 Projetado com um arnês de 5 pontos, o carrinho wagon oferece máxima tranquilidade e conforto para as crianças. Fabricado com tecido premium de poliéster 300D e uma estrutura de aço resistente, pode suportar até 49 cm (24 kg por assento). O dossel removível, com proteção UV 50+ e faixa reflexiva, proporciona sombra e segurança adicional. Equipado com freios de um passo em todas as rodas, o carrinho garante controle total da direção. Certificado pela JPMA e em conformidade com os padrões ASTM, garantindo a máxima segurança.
★ ★ ★
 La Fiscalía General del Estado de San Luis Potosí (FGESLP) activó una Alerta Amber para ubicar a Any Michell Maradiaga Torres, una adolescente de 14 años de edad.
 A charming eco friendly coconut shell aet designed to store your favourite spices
★ ★ ★
Working from the material above, restate word for word the lines between the line with "La Fiscalía General" and the line with "A charming eco", both included, and only those.

**WRITTEN ANSWER:**
 La Fiscalía General del Estado de San Luis Potosí (FGESLP) activó una Alerta Amber para ubicar a Any Michell Maradiaga Torres, una adolescente de 14 años de edad.
 A charming eco friendly coconut shell aet designed to store your favourite spices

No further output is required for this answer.